Provided entries:
Start of Block
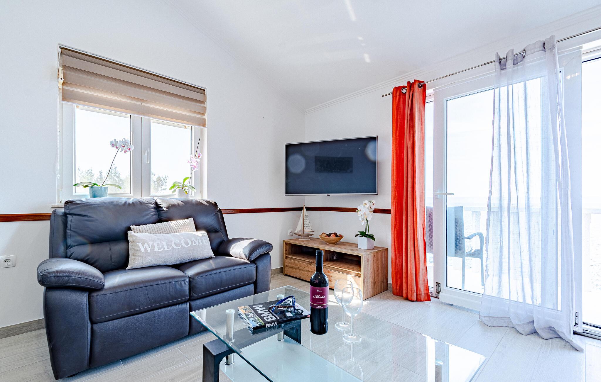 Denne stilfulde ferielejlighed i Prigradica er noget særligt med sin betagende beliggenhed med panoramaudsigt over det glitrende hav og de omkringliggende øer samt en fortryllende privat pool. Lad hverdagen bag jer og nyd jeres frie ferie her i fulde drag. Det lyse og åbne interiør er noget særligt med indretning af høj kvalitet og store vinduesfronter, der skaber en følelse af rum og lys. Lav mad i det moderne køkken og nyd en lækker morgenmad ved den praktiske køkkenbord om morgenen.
End of Block
Start of Block
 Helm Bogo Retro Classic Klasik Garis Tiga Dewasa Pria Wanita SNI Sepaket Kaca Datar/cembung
End of Block
Start of Block
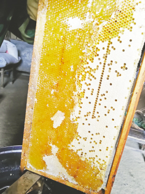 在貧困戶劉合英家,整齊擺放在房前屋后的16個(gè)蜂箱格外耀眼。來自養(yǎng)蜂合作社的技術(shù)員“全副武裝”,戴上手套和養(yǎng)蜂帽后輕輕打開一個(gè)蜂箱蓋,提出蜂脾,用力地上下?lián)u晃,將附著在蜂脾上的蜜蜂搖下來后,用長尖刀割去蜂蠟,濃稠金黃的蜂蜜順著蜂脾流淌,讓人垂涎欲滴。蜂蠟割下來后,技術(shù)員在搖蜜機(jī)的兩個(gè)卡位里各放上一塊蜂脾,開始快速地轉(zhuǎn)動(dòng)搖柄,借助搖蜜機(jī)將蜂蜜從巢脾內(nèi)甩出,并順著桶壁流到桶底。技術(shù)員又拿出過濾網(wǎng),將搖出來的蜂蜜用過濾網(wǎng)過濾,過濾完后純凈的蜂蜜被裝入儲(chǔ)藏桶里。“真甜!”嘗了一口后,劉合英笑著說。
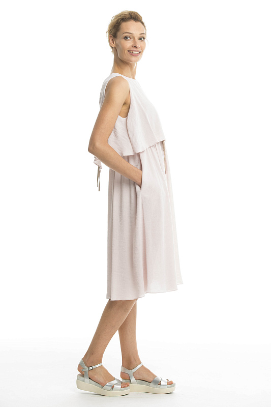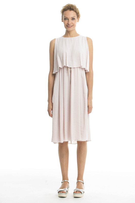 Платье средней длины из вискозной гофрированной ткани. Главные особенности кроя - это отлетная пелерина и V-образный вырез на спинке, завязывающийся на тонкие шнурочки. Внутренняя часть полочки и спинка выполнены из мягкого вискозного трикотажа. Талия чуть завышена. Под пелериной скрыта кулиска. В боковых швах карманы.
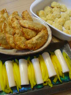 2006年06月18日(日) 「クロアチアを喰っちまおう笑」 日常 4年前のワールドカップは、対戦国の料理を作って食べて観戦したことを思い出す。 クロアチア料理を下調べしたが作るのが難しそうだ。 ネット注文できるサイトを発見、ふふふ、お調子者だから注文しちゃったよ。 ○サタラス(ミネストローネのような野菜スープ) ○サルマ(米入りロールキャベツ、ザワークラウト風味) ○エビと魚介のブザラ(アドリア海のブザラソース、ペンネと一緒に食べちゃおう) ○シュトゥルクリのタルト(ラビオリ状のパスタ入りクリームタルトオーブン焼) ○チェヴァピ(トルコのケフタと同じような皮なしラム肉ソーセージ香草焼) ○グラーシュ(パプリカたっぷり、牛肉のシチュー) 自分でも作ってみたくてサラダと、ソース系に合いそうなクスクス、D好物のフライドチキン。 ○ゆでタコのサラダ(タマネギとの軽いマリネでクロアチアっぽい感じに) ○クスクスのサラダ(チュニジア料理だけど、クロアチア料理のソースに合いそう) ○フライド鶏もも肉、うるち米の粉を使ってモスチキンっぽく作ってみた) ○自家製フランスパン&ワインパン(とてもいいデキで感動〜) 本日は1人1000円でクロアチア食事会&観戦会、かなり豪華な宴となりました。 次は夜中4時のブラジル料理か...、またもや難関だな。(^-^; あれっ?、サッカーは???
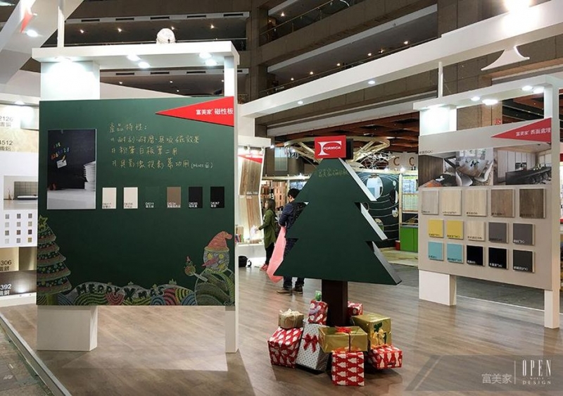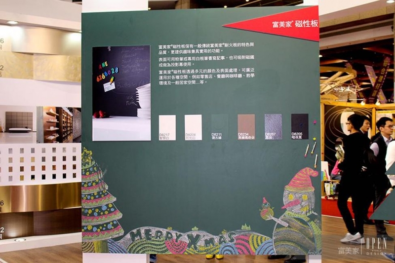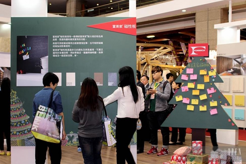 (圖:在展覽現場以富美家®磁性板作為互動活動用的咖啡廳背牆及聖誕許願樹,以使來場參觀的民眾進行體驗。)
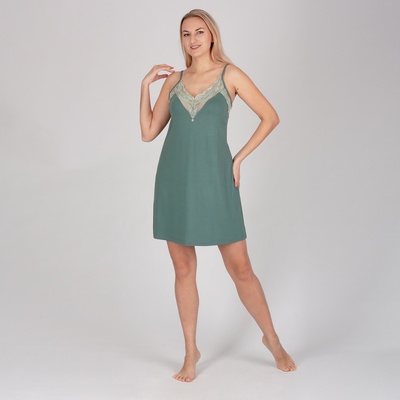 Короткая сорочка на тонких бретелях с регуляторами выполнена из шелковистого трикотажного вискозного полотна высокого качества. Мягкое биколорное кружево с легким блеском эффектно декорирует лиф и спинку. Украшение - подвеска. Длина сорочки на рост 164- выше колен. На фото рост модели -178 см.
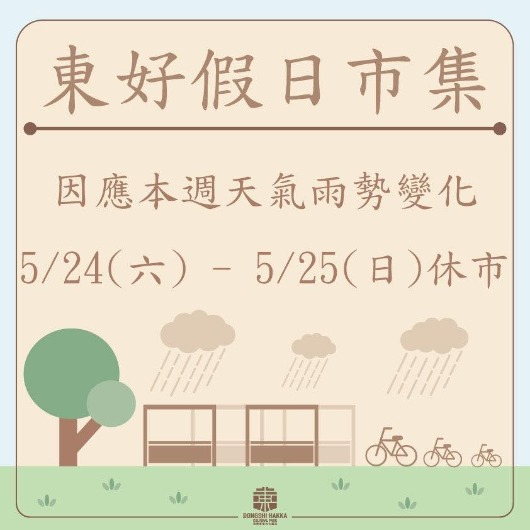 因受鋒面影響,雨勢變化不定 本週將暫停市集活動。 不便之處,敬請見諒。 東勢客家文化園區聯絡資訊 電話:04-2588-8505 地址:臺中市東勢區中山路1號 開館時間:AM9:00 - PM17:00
End of Block
Work order: Go to the line above that contains "(圖:在展覽現場以富美家®磁" and reproduce everything exactly from there through the line that contains "因受鋒面影響,雨勢變化不定 本週將暫停市集活動。 不便之處,敬請見諒。", leaving out the pictures.

Result for this task:
 (圖:在展覽現場以富美家®磁性板作為互動活動用的咖啡廳背牆及聖誕許願樹,以使來場參觀的民眾進行體驗。)
 Короткая сорочка на тонких бретелях с регуляторами выполнена из шелковистого трикотажного вискозного полотна высокого качества. Мягкое биколорное кружево с легким блеском эффектно декорирует лиф и спинку. Украшение - подвеска. Длина сорочки на рост 164- выше колен. На фото рост модели -178 см.
 因受鋒面影響,雨勢變化不定 本週將暫停市集活動。 不便之處,敬請見諒。 東勢客家文化園區聯絡資訊 電話:04-2588-8505 地址:臺中市東勢區中山路1號 開館時間:AM9:00 - PM17:00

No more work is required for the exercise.